*** Opening Provided entries ***
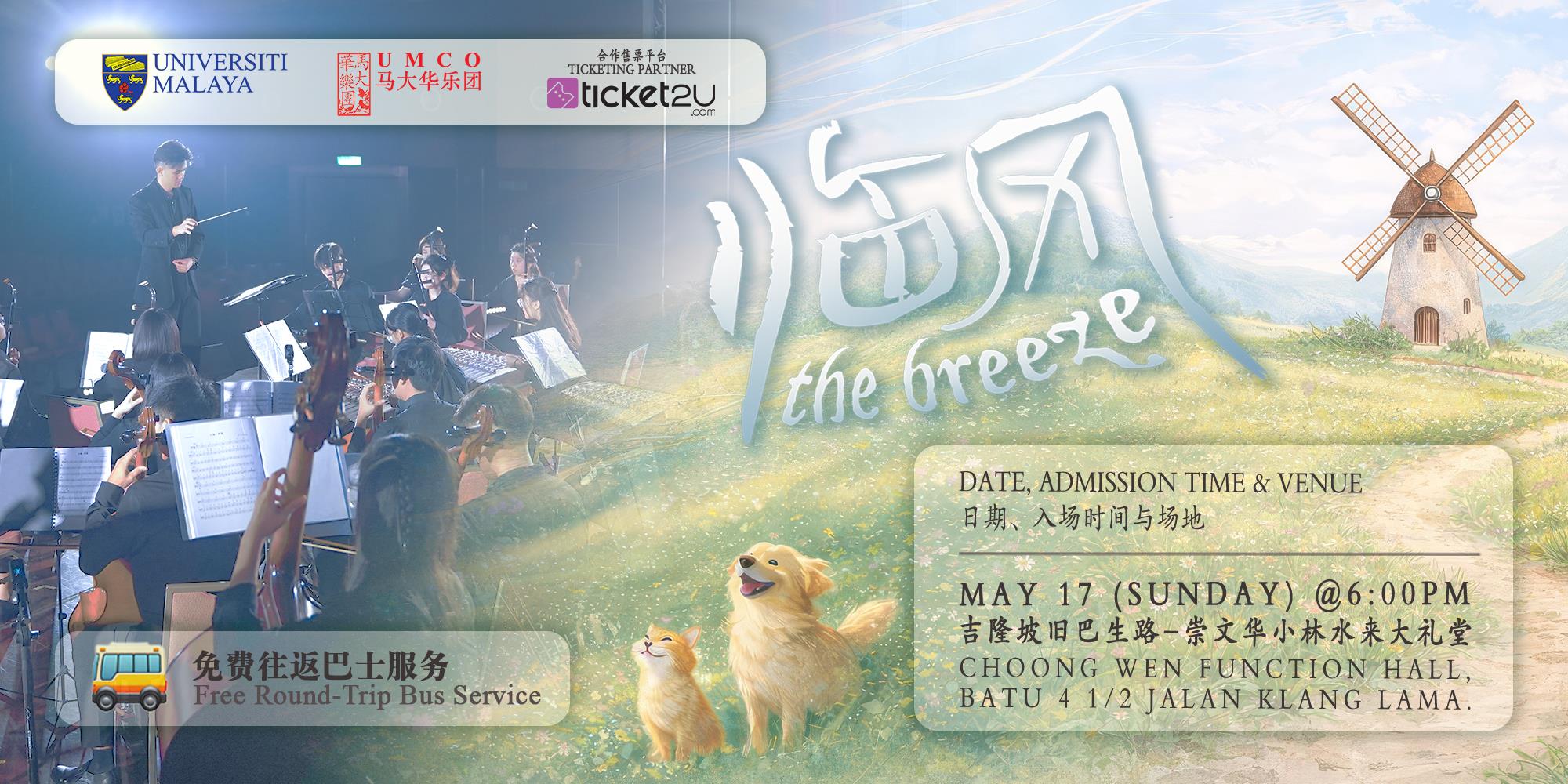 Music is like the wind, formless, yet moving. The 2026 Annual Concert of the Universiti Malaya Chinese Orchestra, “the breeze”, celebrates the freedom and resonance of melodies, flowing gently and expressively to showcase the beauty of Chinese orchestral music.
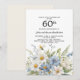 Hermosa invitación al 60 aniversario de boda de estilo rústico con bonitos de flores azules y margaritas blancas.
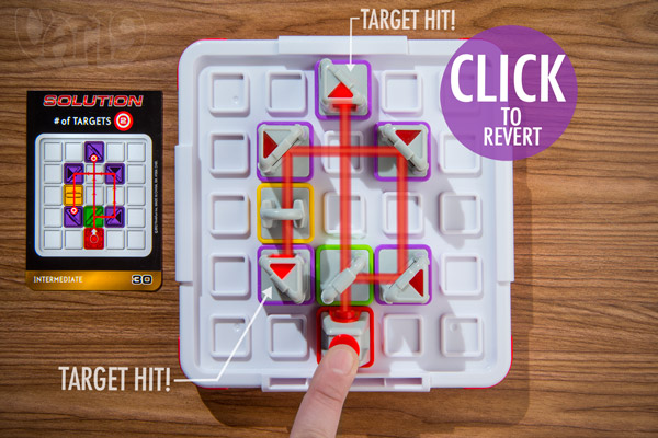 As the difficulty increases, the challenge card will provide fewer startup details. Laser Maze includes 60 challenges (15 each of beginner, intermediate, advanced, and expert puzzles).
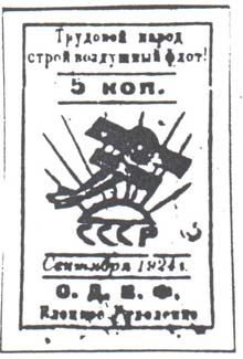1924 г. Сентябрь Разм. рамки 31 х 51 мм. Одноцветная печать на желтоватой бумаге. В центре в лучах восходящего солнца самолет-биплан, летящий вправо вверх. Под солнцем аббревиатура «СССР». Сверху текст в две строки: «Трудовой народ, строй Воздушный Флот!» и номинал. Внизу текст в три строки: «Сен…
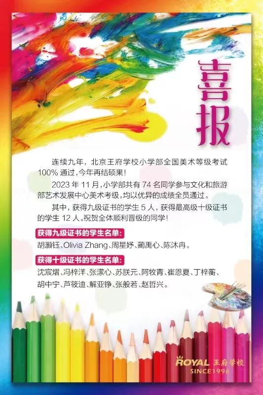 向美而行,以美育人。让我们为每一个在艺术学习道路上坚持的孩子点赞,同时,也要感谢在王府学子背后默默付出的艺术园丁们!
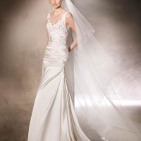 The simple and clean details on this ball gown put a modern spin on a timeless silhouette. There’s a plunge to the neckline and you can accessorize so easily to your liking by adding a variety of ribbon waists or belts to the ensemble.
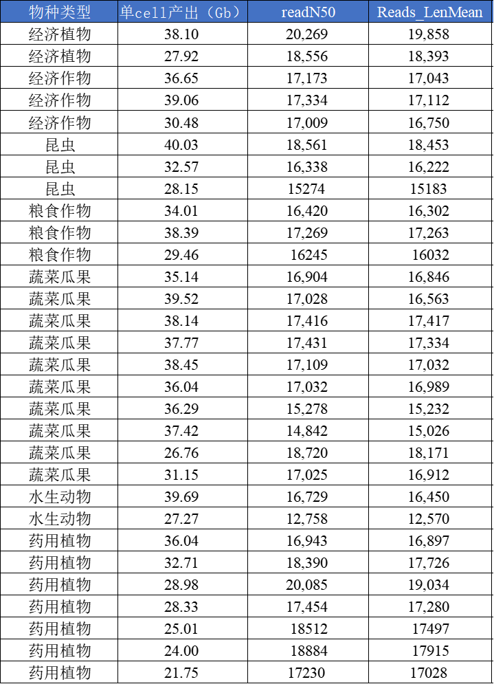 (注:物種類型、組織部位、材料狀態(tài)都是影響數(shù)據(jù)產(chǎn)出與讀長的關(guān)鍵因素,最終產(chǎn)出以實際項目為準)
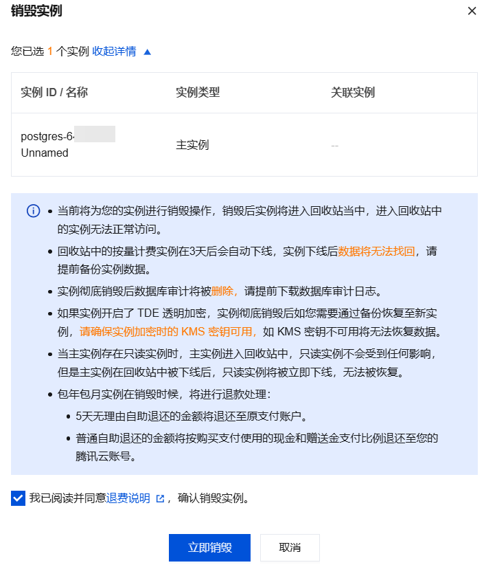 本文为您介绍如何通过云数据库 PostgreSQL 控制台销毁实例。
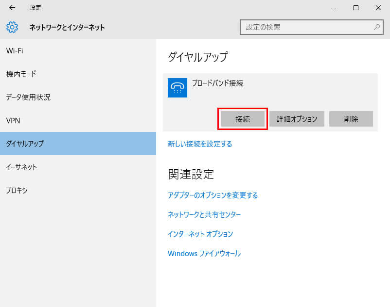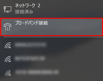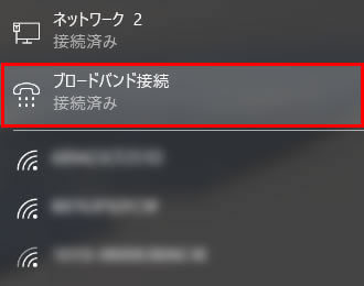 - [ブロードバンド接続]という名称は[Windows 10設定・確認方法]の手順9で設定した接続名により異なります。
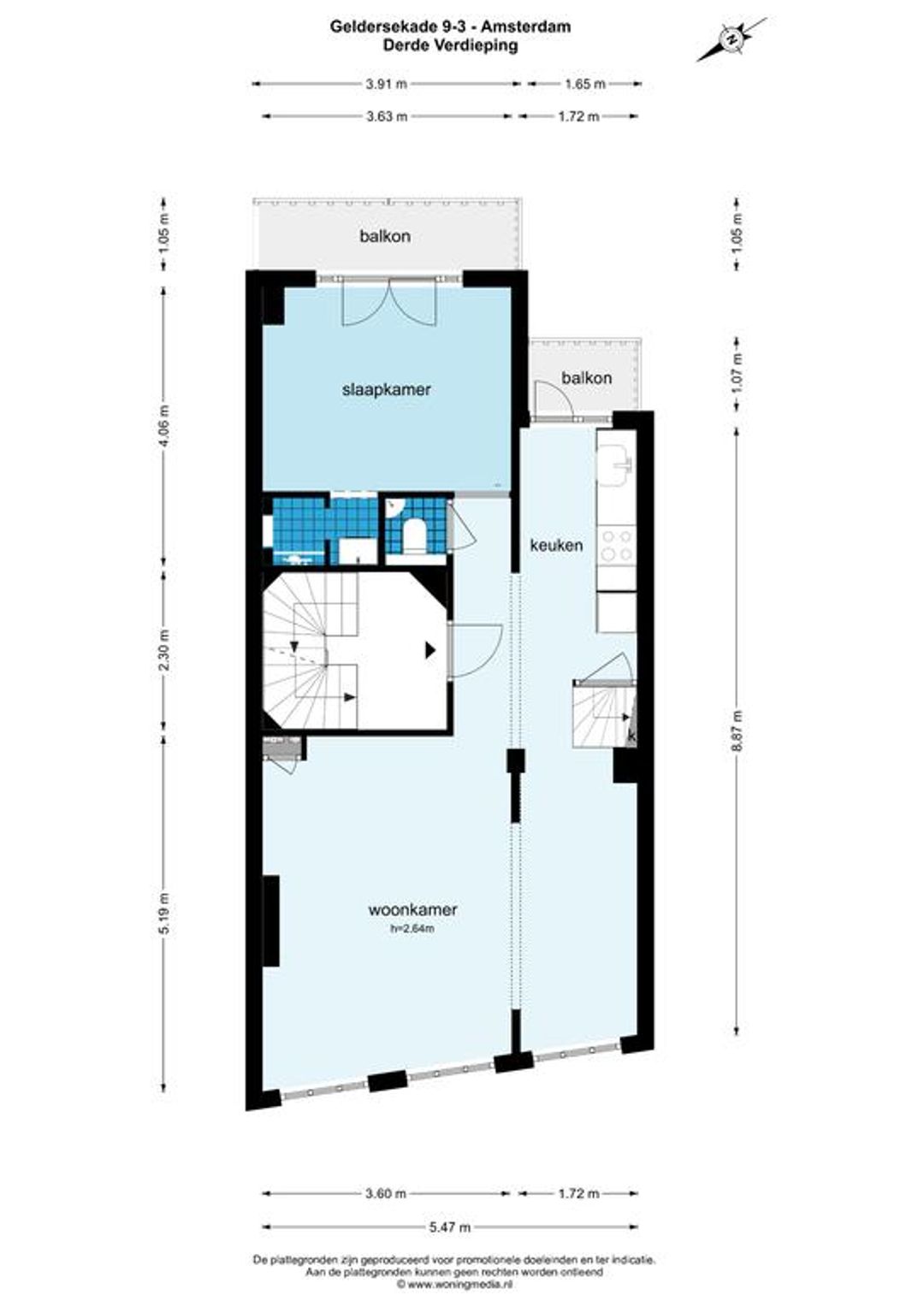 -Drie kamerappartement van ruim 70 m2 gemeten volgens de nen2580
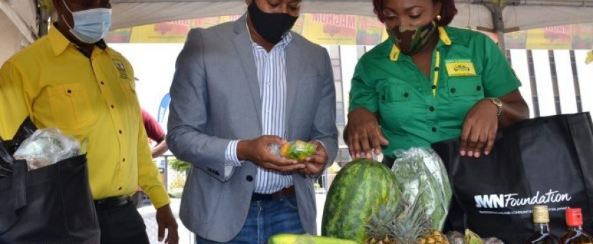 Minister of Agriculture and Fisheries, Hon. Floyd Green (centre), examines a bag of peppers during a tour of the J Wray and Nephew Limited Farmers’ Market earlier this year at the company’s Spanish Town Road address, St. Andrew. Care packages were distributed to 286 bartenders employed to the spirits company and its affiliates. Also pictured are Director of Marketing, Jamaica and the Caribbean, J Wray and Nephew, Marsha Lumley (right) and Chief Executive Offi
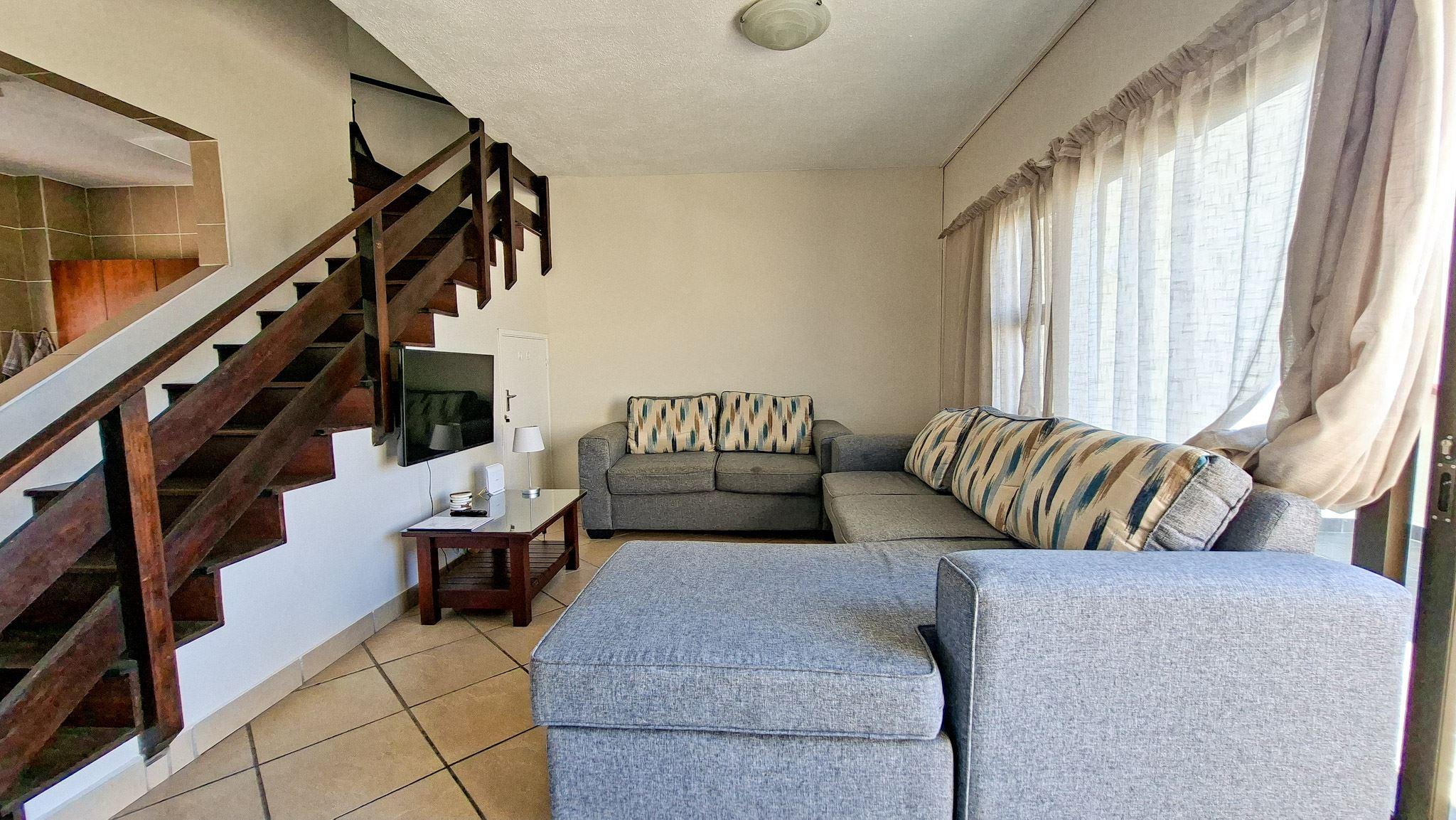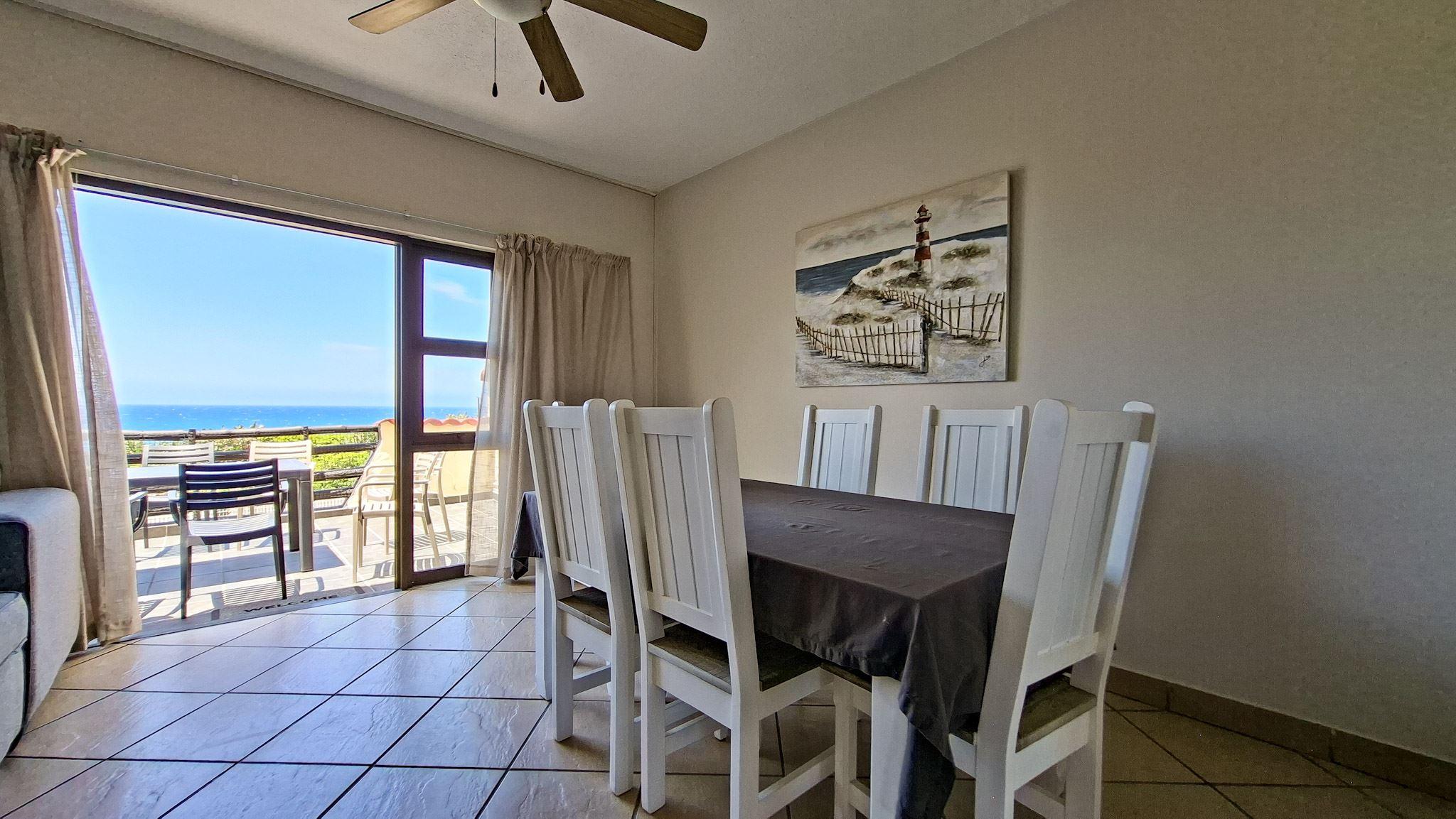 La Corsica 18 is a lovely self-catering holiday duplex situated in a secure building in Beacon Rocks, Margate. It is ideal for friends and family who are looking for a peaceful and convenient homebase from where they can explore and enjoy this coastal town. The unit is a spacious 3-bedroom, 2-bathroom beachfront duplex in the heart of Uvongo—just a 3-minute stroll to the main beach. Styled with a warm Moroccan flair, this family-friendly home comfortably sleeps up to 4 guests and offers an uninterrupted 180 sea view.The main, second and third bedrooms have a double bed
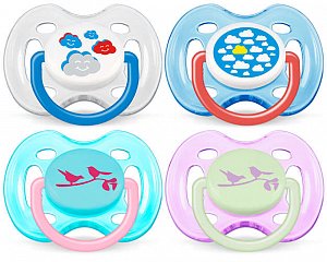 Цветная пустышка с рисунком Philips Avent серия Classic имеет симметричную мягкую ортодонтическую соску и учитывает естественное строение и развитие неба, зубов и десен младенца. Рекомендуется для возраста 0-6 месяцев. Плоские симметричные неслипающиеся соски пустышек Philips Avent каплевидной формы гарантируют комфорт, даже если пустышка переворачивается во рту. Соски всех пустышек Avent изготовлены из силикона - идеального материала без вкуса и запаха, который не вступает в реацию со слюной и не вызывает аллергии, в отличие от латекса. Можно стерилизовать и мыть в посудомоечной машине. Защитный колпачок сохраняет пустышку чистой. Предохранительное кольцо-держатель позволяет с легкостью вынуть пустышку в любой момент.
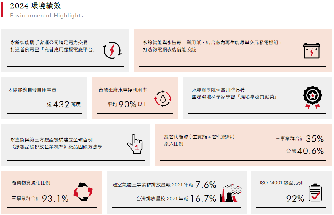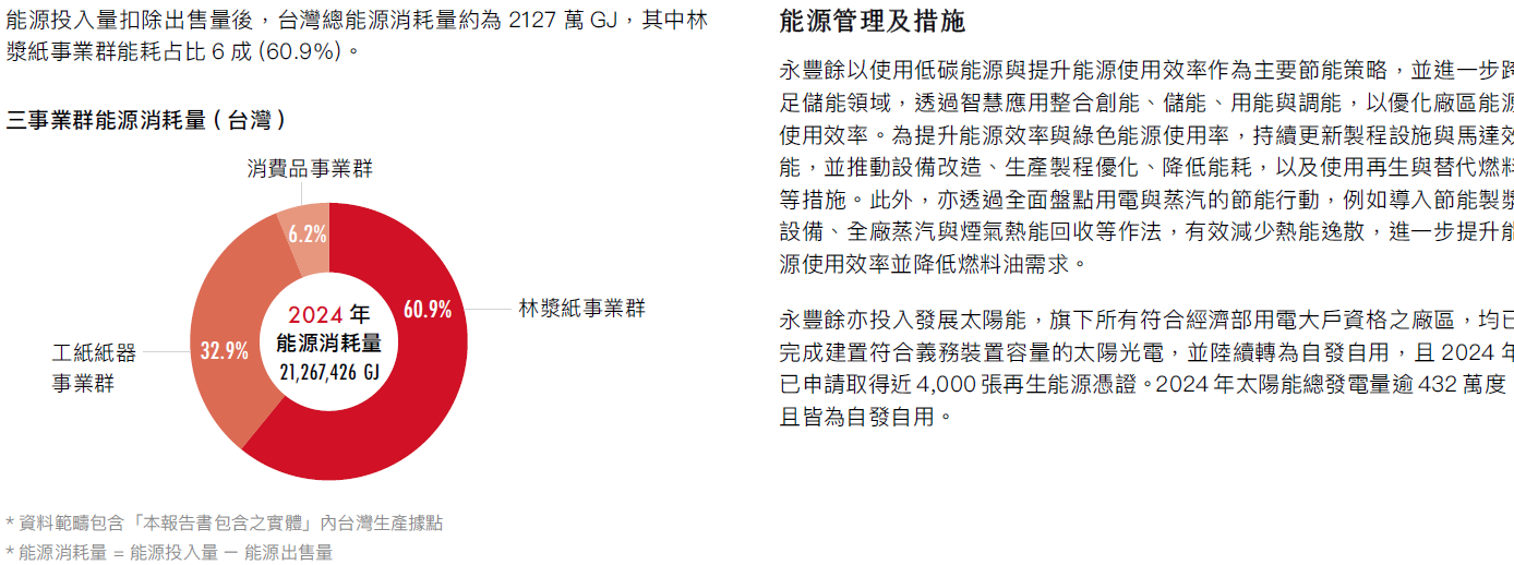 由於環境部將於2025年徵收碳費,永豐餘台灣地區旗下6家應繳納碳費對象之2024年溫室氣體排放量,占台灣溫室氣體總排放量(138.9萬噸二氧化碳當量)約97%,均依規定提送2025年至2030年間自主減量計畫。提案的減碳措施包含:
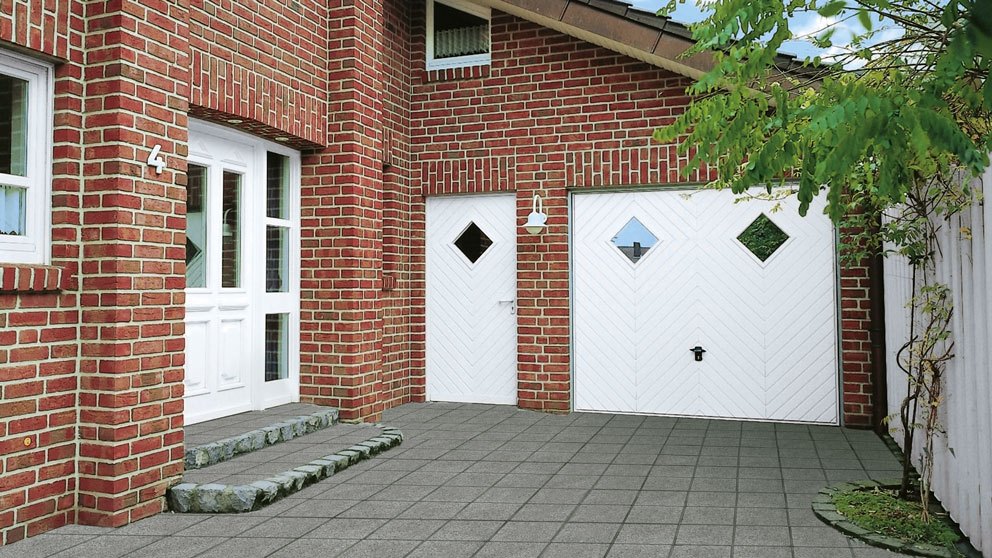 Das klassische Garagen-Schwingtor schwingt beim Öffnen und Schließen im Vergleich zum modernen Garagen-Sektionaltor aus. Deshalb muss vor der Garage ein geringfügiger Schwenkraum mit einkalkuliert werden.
*** Closing Provided entries ***
◆ Work to be completed ◆
Repeat the listing word for word, and skip every picture it contains.

◆ Final answer ◆
 Music is like the wind, formless, yet moving. The 2026 Annual Concert of the Universiti Malaya Chinese Orchestra, “the breeze”, celebrates the freedom and resonance of melodies, flowing gently and expressively to showcase the beauty of Chinese orchestral music.
 Hermosa invitación al 60 aniversario de boda de estilo rústico con bonitos de flores azules y margaritas blancas.
 As the difficulty increases, the challenge card will provide fewer startup details. Laser Maze includes 60 challenges (15 each of beginner, intermediate, advanced, and expert puzzles).
1924 г. Сентябрь Разм. рамки 31 х 51 мм. Одноцветная печать на желтоватой бумаге. В центре в лучах восходящего солнца самолет-биплан, летящий вправо вверх. Под солнцем аббревиатура «СССР». Сверху текст в две строки: «Трудовой народ, строй Воздушный Флот!» и номинал. Внизу текст в три строки: «Сен…
 向美而行,以美育人。让我们为每一个在艺术学习道路上坚持的孩子点赞,同时,也要感谢在王府学子背后默默付出的艺术园丁们!
 The simple and clean details on this ball gown put a modern spin on a timeless silhouette. There’s a plunge to the neckline and you can accessorize so easily to your liking by adding a variety of ribbon waists or belts to the ensemble.
 (注:物種類型、組織部位、材料狀態(tài)都是影響數(shù)據(jù)產(chǎn)出與讀長的關(guān)鍵因素,最終產(chǎn)出以實際項目為準)
 本文为您介绍如何通过云数据库 PostgreSQL 控制台销毁实例。
 - [ブロードバンド接続]という名称は[Windows 10設定・確認方法]の手順9で設定した接続名により異なります。
 -Drie kamerappartement van ruim 70 m2 gemeten volgens de nen2580
 Minister of Agriculture and Fisheries, Hon. Floyd Green (centre), examines a bag of peppers during a tour of the J Wray and Nephew Limited Farmers’ Market earlier this year at the company’s Spanish Town Road address, St. Andrew. Care packages were distributed to 286 bartenders employed to the spirits company and its affiliates. Also pictured are Director of Marketing, Jamaica and the Caribbean, J Wray and Nephew, Marsha Lumley (right) and Chief Executive Offi
 La Corsica 18 is a lovely self-catering holiday duplex situated in a secure building in Beacon Rocks, Margate. It is ideal for friends and family who are looking for a peaceful and convenient homebase from where they can explore and enjoy this coastal town. The unit is a spacious 3-bedroom, 2-bathroom beachfront duplex in the heart of Uvongo—just a 3-minute stroll to the main beach. Styled with a warm Moroccan flair, this family-friendly home comfortably sleeps up to 4 guests and offers an uninterrupted 180 sea view.The main, second and third bedrooms have a double bed
 Цветная пустышка с рисунком Philips Avent серия Classic имеет симметричную мягкую ортодонтическую соску и учитывает естественное строение и развитие неба, зубов и десен младенца. Рекомендуется для возраста 0-6 месяцев. Плоские симметричные неслипающиеся соски пустышек Philips Avent каплевидной формы гарантируют комфорт, даже если пустышка переворачивается во рту. Соски всех пустышек Avent изготовлены из силикона - идеального материала без вкуса и запаха, который не вступает в реацию со слюной и не вызывает аллергии, в отличие от латекса. Можно стерилизовать и мыть в посудомоечной машине. Защитный колпачок сохраняет пустышку чистой. Предохранительное кольцо-держатель позволяет с легкостью вынуть пустышку в любой момент.
 由於環境部將於2025年徵收碳費,永豐餘台灣地區旗下6家應繳納碳費對象之2024年溫室氣體排放量,占台灣溫室氣體總排放量(138.9萬噸二氧化碳當量)約97%,均依規定提送2025年至2030年間自主減量計畫。提案的減碳措施包含:
 Das klassische Garagen-Schwingtor schwingt beim Öffnen und Schließen im Vergleich zum modernen Garagen-Sektionaltor aus. Deshalb muss vor der Garage ein geringfügiger Schwenkraum mit einkalkuliert werden.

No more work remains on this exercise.